The data —
"""

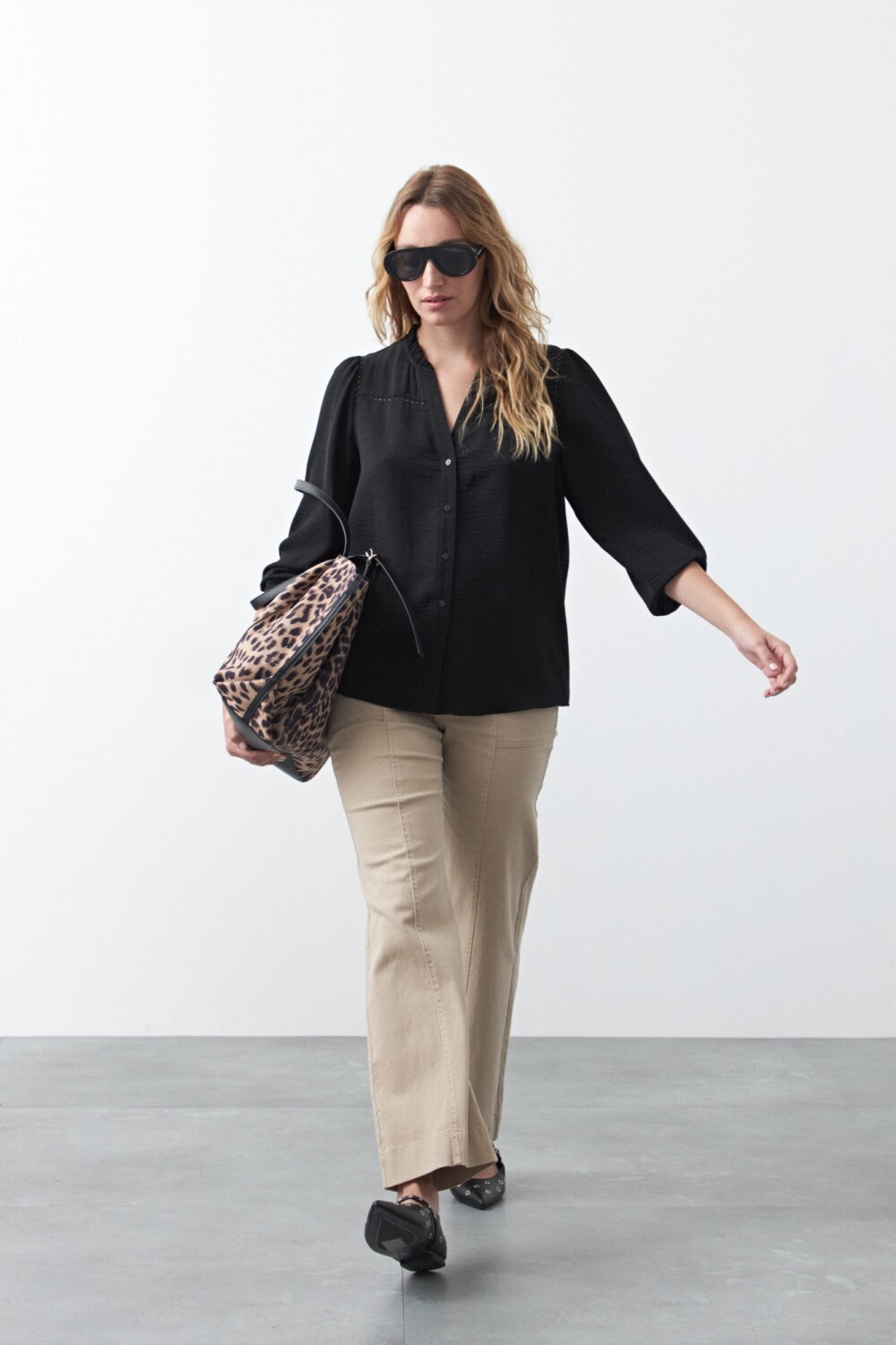 Camisa de estilo clásico con detalles delicados que elevan el look de oficina con una impronta actual. El diseño presenta escote en V con botones frontales y sutiles recortes calados en la zona de los hombros, que aportan textura y un toque distintivo sin perder sobriedad. Una opción versátil, ideal para combinar con sastrería o denim prolijo y lograr un outfit de trabajo canchero y equilibrado.
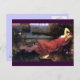 Vintage painting of Ariadne in a classical Greek setting. Laying on a bench in the outdoors with a leopard rug and her feet. 19th century artwork by John William Waterhouse.
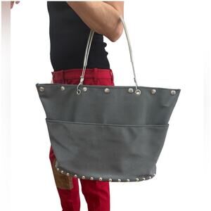 Hardware By Renee Gray Canvas Studded Tote Bag Oversized Utility Travel Bag

"""

Brief — Restate each line of the material word for word, skipping any picture.

Exercise answer —
 Camisa de estilo clásico con detalles delicados que elevan el look de oficina con una impronta actual. El diseño presenta escote en V con botones frontales y sutiles recortes calados en la zona de los hombros, que aportan textura y un toque distintivo sin perder sobriedad. Una opción versátil, ideal para combinar con sastrería o denim prolijo y lograr un outfit de trabajo canchero y equilibrado.
 Vintage painting of Ariadne in a classical Greek setting. Laying on a bench in the outdoors with a leopard rug and her feet. 19th century artwork by John William Waterhouse.
 Hardware By Renee Gray Canvas Studded Tote Bag Oversized Utility Travel Bag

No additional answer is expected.